▶ **What the task asks**
The reply must contain exactly the lines below from the one with "Use the filters" down to the one with "キャセロール。焼く、炒める、", both included, and nothing more; please omit the pictures.

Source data
※

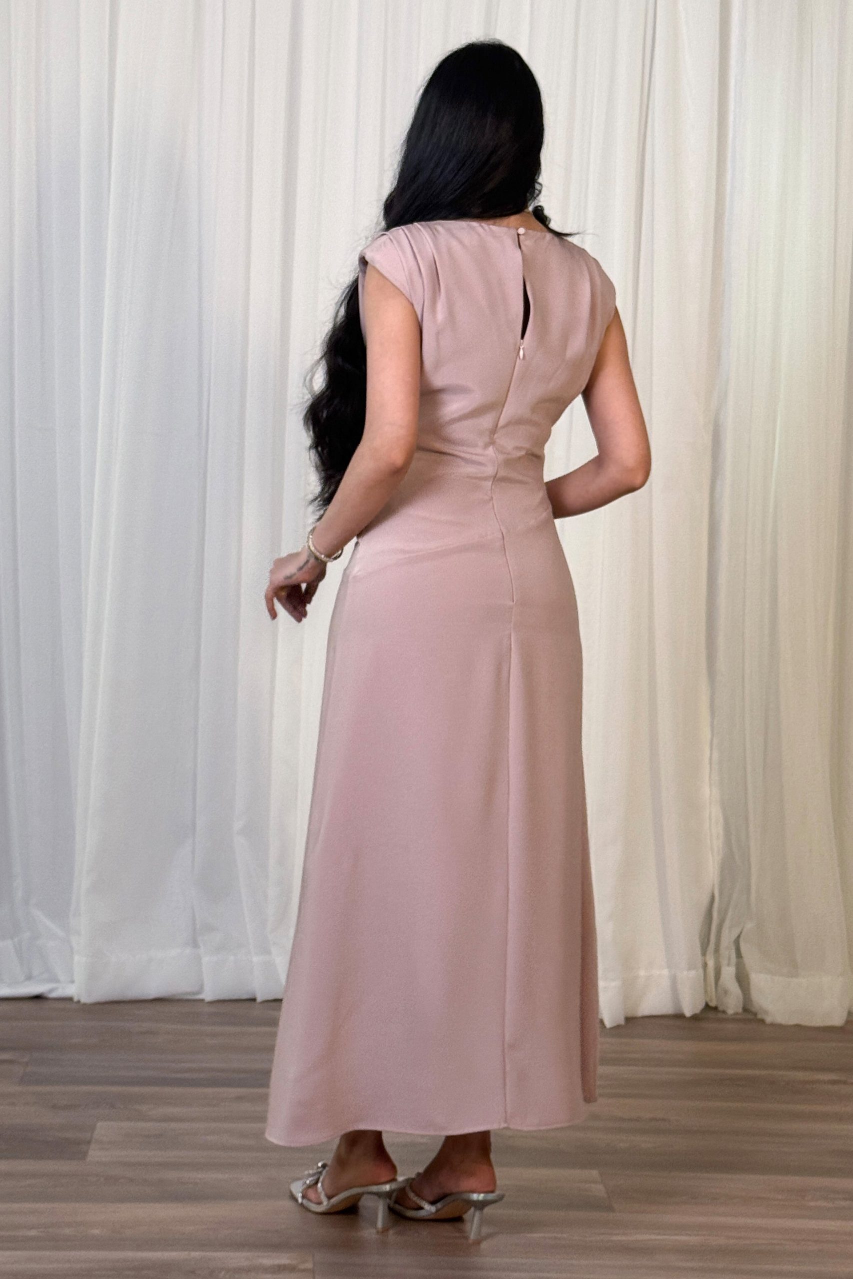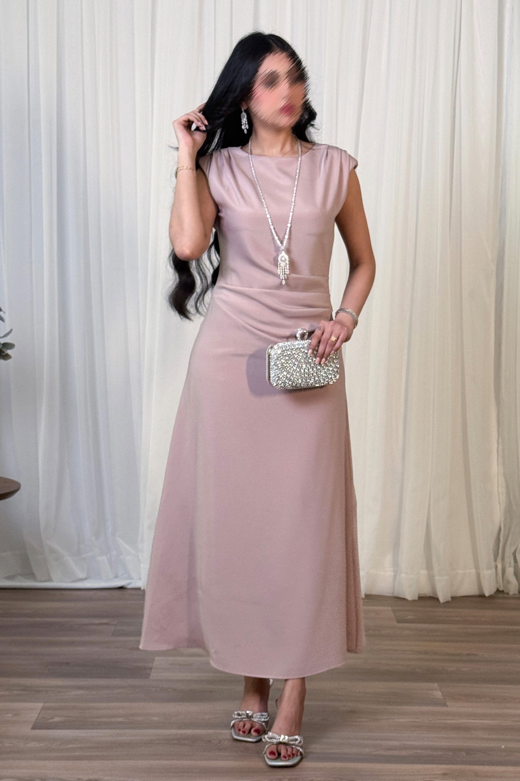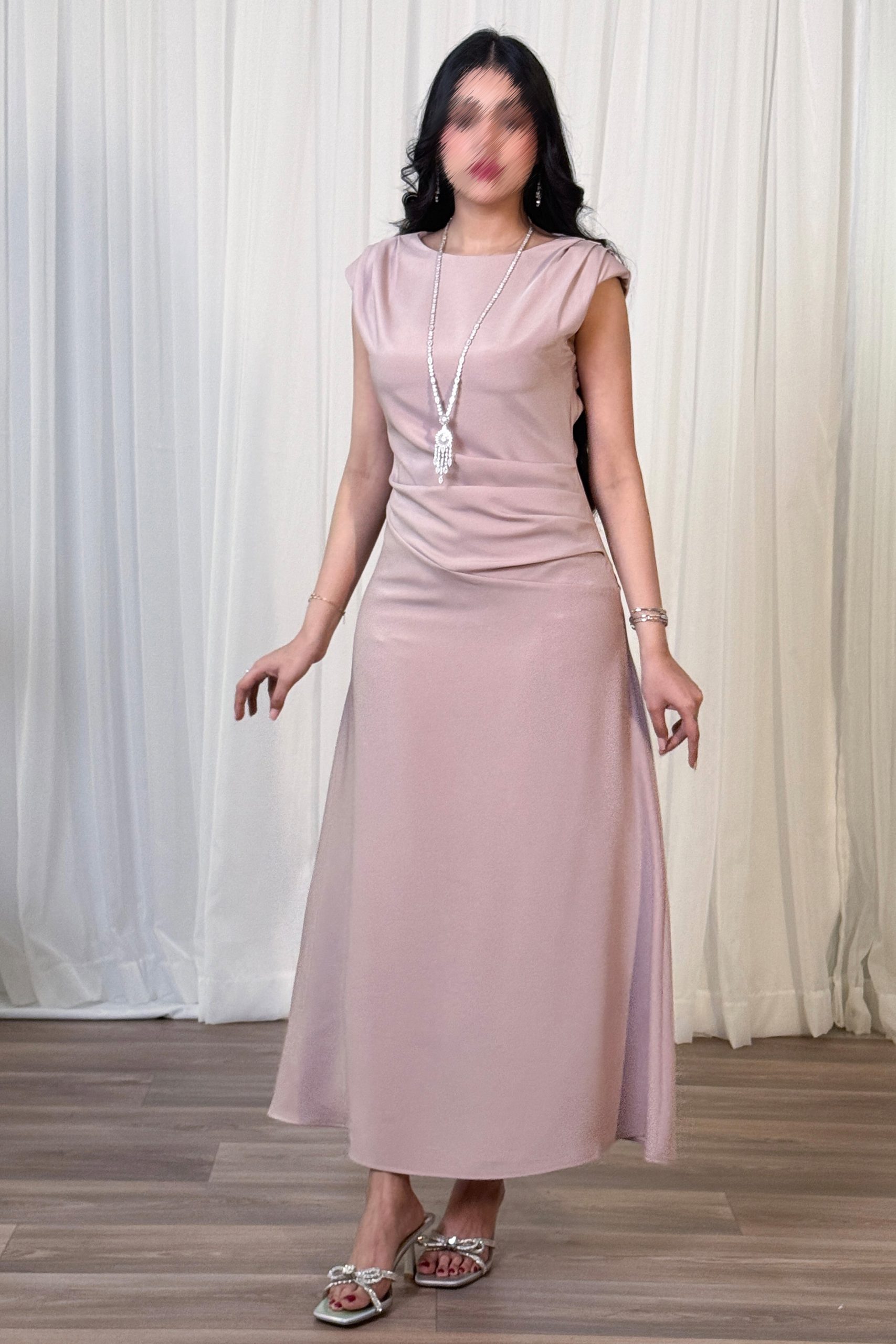 اكتان – فستان درابيه بتأثير ثنيات لون بنفسجي فاتح
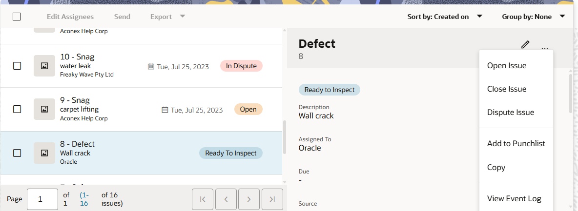 Use the filters to identify the issues that are Open, Ready to inspect or In dispute.
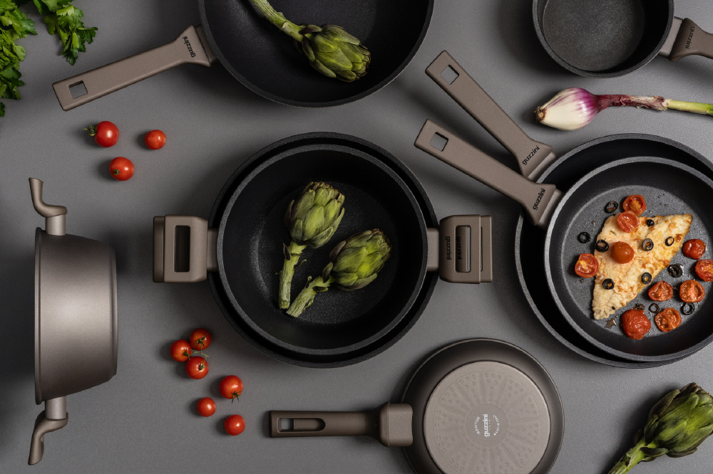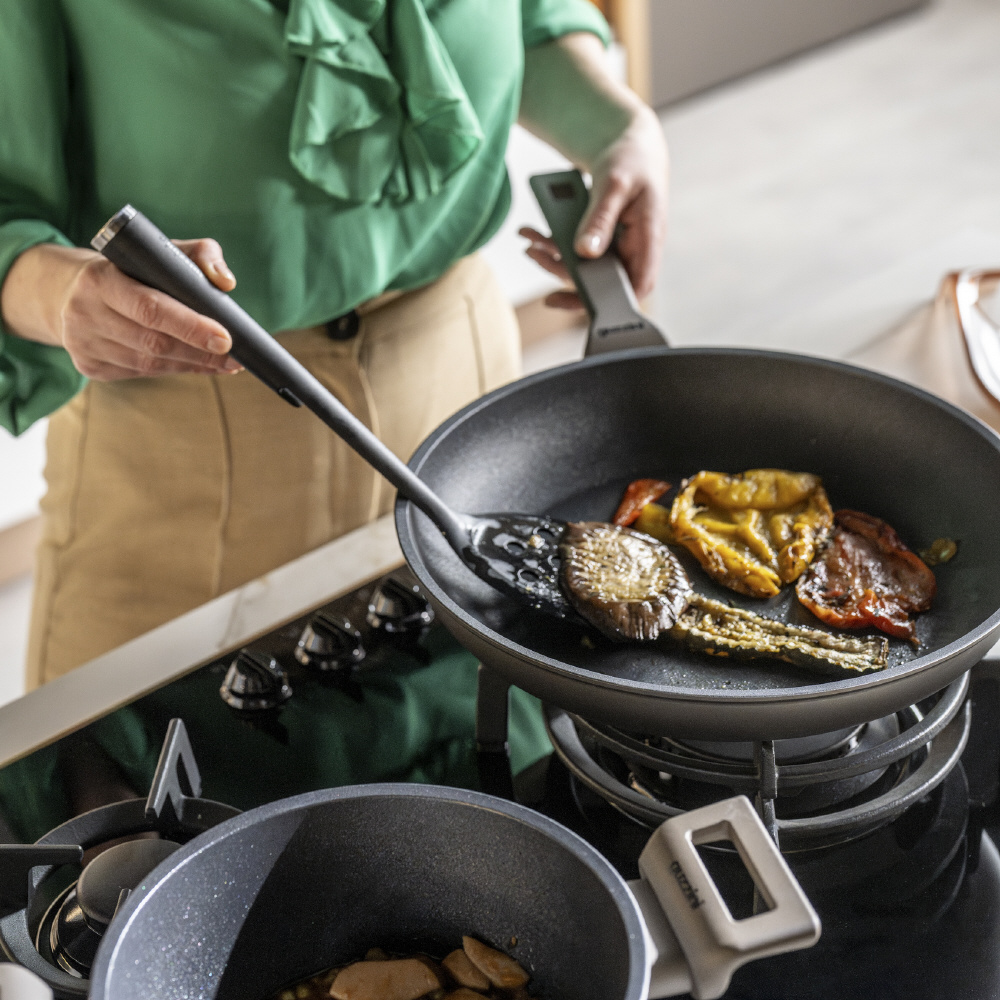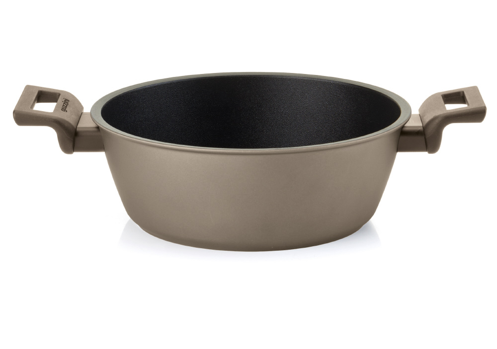 キャセロール。焼く、炒める、煮込料理もこれ1つで可能です。厚く、研磨されたアルミニウムボディは均一に熱伝導を分散させます。4層で粗めの高品質PTFEノンスティックコーティングにより、傷や摩耗に非常に強く、機能的なデザインとエレガントなブロンズ仕上げは洗練されたイタリアンライフスタイルを演出します。
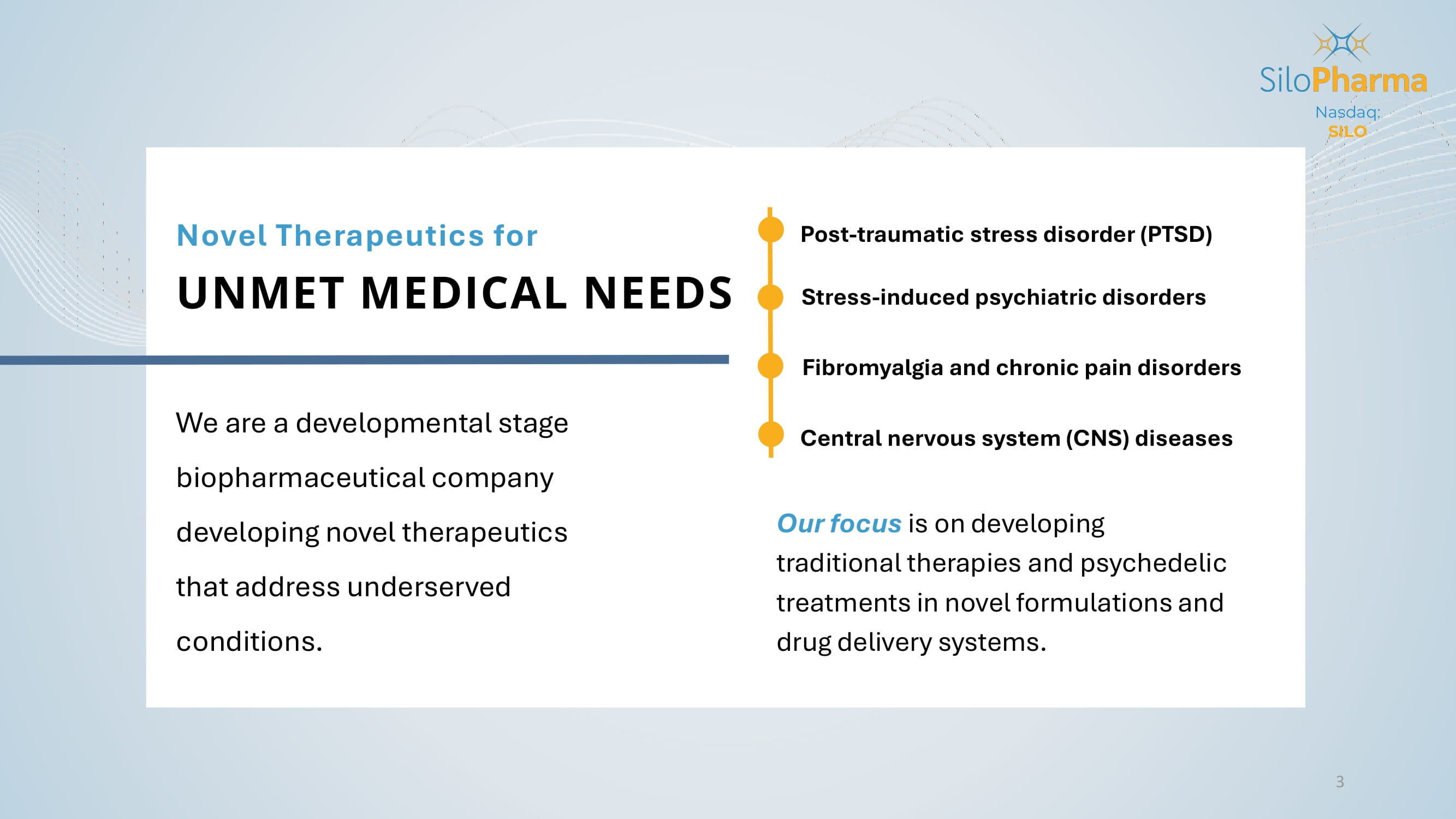 We are a developmental stage biopharmaceutical company developing novel therapeutics that address underserved conditions. UNMET MEDICAL NEEDS Post - traumatic stress disorder (PTSD) Stress - induced psychiatric disorders Fibromyalgia and chronic pain disorders Central nervous system (CNS) diseases Our focus is on developing traditional therapies and psychedelic treatments in novel formulations and drug delivery systems. Novel Therapeutics for Nasdaq: SILO 3
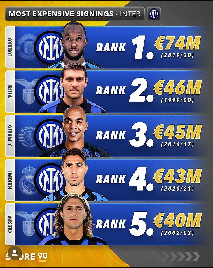В «Интере» неплохо распоряжаются финансами, а кроме того, нельзя не отметить, что стоимость даже самых дорогих трансферов итальянского гранда существенно ниже, чем у вышеперечисленных клубов.
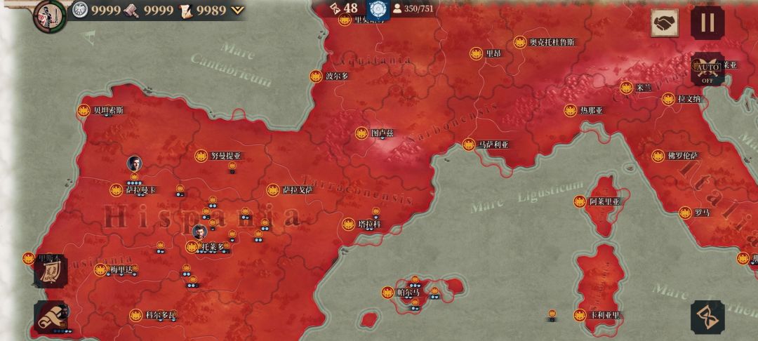 这是我之前玩的,将领配置:指挥官(我之前把他培养成骑兵将领)、凯撒、汉尼拔、斯巴达克斯、阿提拉、庞培、安东尼、维钦拖利
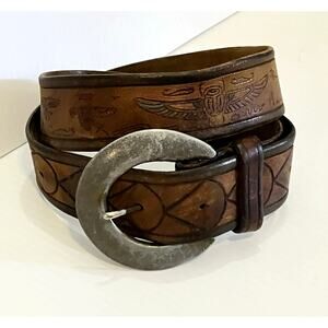 Detailed, tooled Egyptian symbols across entire length of the belt. Very unique!

※

▶ **Reply**
 Use the filters to identify the issues that are Open, Ready to inspect or In dispute.
 キャセロール。焼く、炒める、煮込料理もこれ1つで可能です。厚く、研磨されたアルミニウムボディは均一に熱伝導を分散させます。4層で粗めの高品質PTFEノンスティックコーティングにより、傷や摩耗に非常に強く、機能的なデザインとエレガントなブロンズ仕上げは洗練されたイタリアンライフスタイルを演出します。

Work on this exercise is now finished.